Reputation: 3270
I'm evaluating Spark/Cassandra and Elasticsearch to decide which one to go for.
Right now, I'm using spark and Cassandra to generate different reports but I noticed with 2 million records (aprrox. 400 columns), it takes about 9.7, 9.8, 9.9, 10 and 10 mins to generate the 5 reports respectively.
Changing the scheduling mode "spark.scheduler.mode", "FAIR"
doesn't seems to make a big difference.
I'm thinking of loading all the data in memory and caching it so subsequent query can run faster if the data are preloaded memory.
However, running the same report in Elasticsearch takes just 2mins.
Any ideas on what I can do to improve spark response time ?
Upvotes: 0
Views: 1493
Reputation: 41
Spark can not pushdown the operation of "group by".I found another bottleneck that affected transmission speed.Set "es.scroll.size" to 10000.It can increase the transmission speed from ES to spark.
Upvotes: 1
Reputation: 16576
To start, I wouldn't consider ElasticSearch vs Spark to really be a good comparison since the two systems are really targeting different use cases.
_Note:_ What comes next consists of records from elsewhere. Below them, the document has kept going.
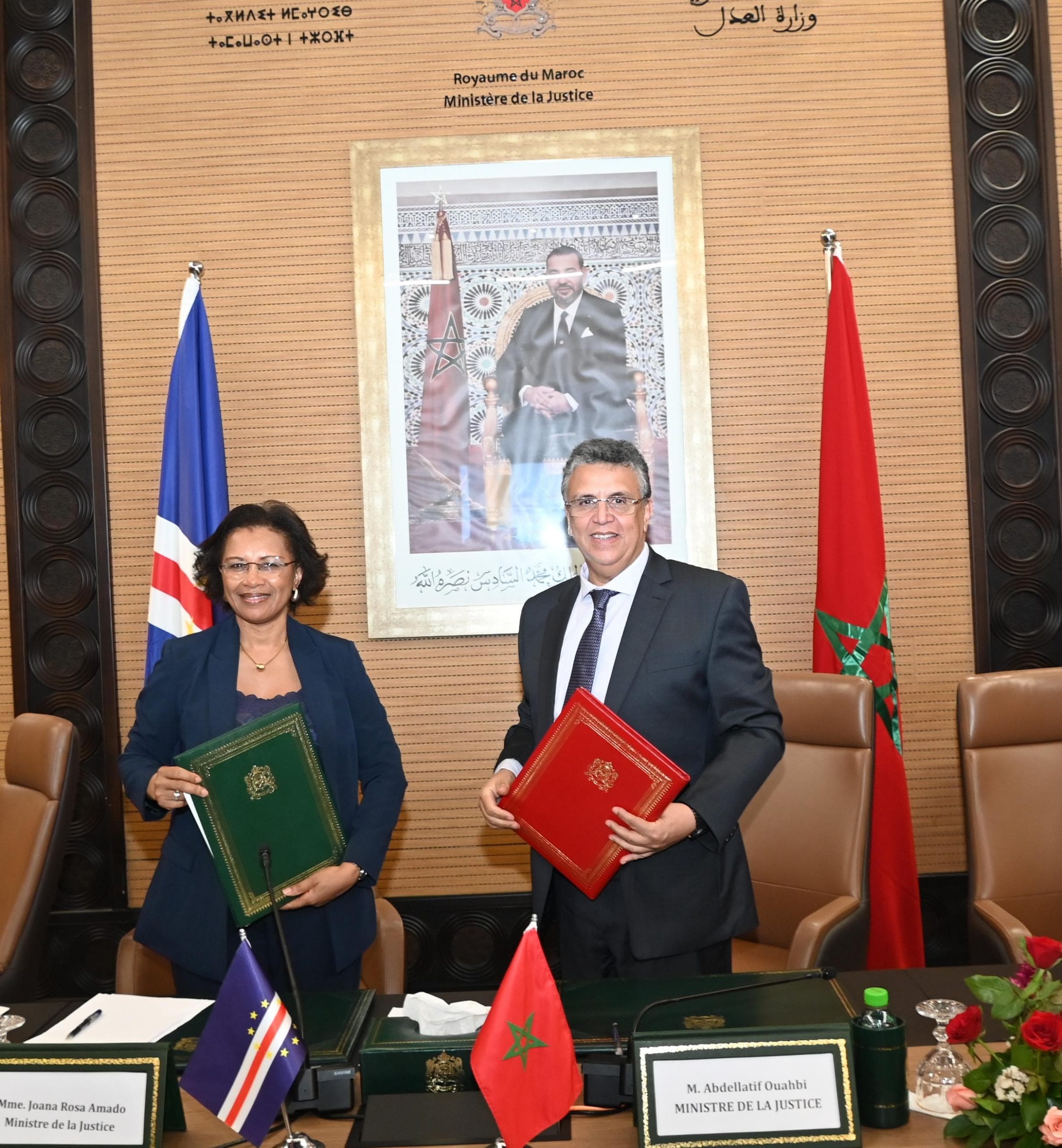 جرت يومه الخميس 19 يونيو 2025 بمقر وزارة العدل، التوقيع على مذكرة تفاهم بين المملكة المغربية وجمهورية الرأس الأخضر، برئاسة عبد اللطيف وهبي، وزير العدل، والسيدة جوانا غوميز روزا أمادو، وزيرة العدل بجمهورية الرأس الأخضر، وذلك في سياق انفتاح بين المملكة المغربية على محيطها الإفريقي، وترسيخًا لروابطها التاريخية والأخوية مع الدول الإفريقية، وتكريسًا لنهج التعاون جنوب – جنوب.
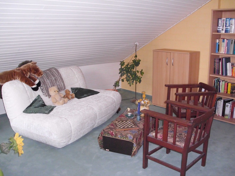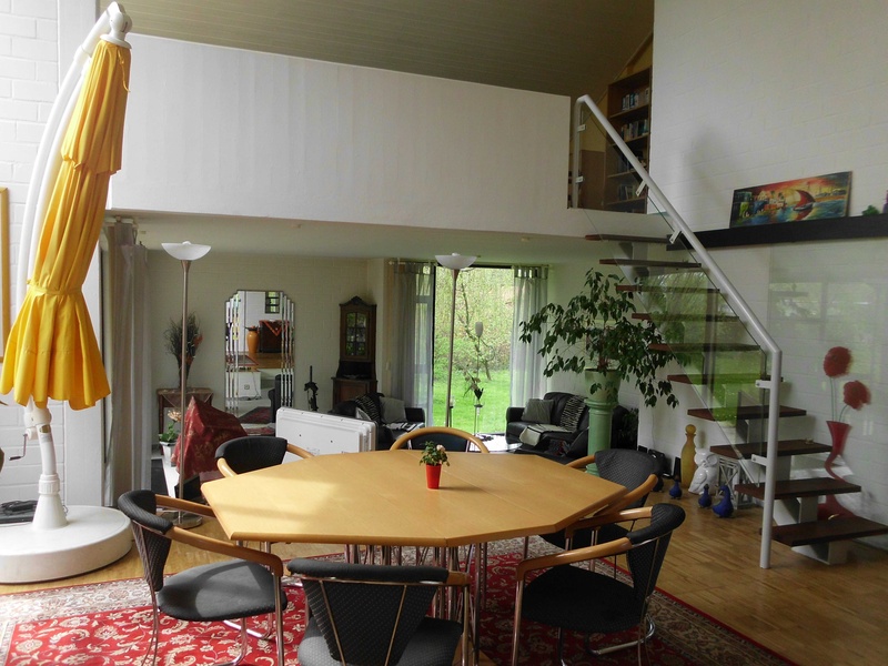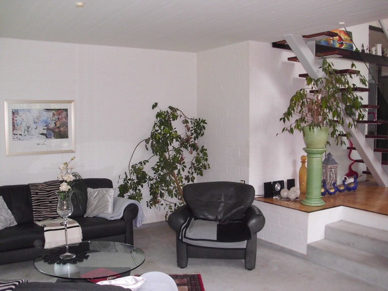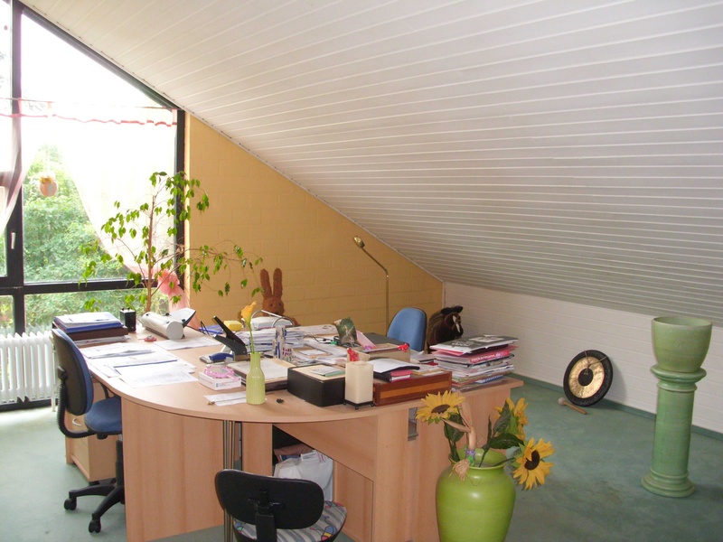 The non-visible from the living and dining gallery (3 level) with its oblique holzverstäfelten wall and its textile flooring makes for a sunny retreat. The gallery is also ideally suited as a work and study area.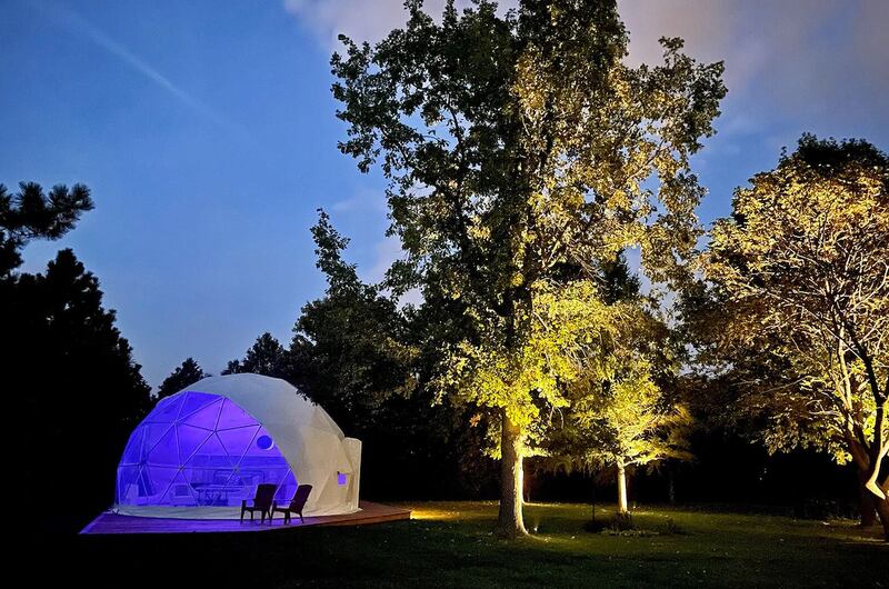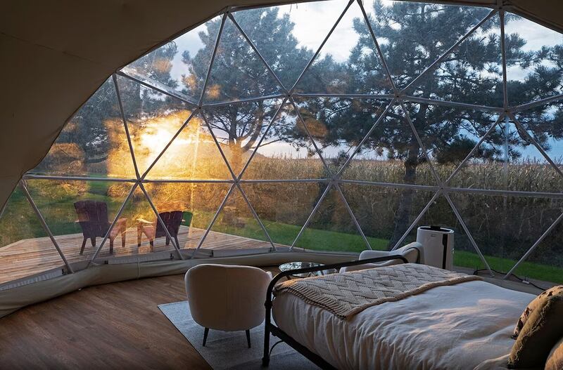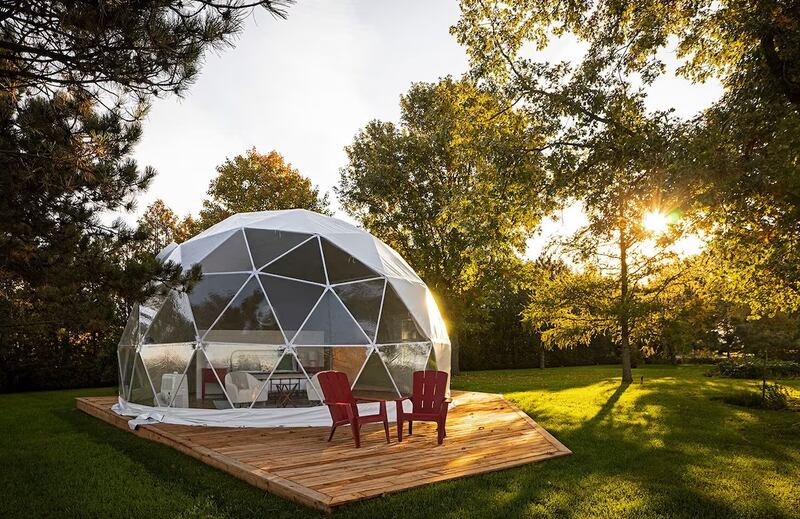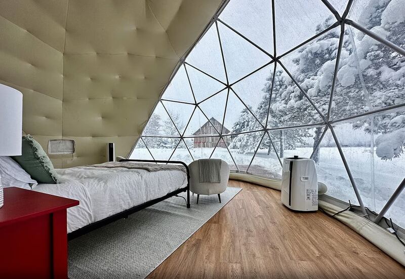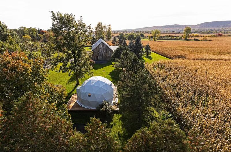Une des propriétés qui a retenu notre attention pour une escapade d'automne réussie est cette maison à louer avec accès à ce dôme géodésique.

Elastic Search being focused on search and quick retrieval and Spark being a general purpose analytics framework with a focus on very large datasets.
But as to how to make your Spark reports run quicker. The key things to do with C* are to make sure that the spark.cassandra.input.split.size
is small enough so that you get enough Spark tasks to fully exploit the parallelism in your cluster. After doing this you can consider caching the read table in memory for much faster access.
Upvotes: 3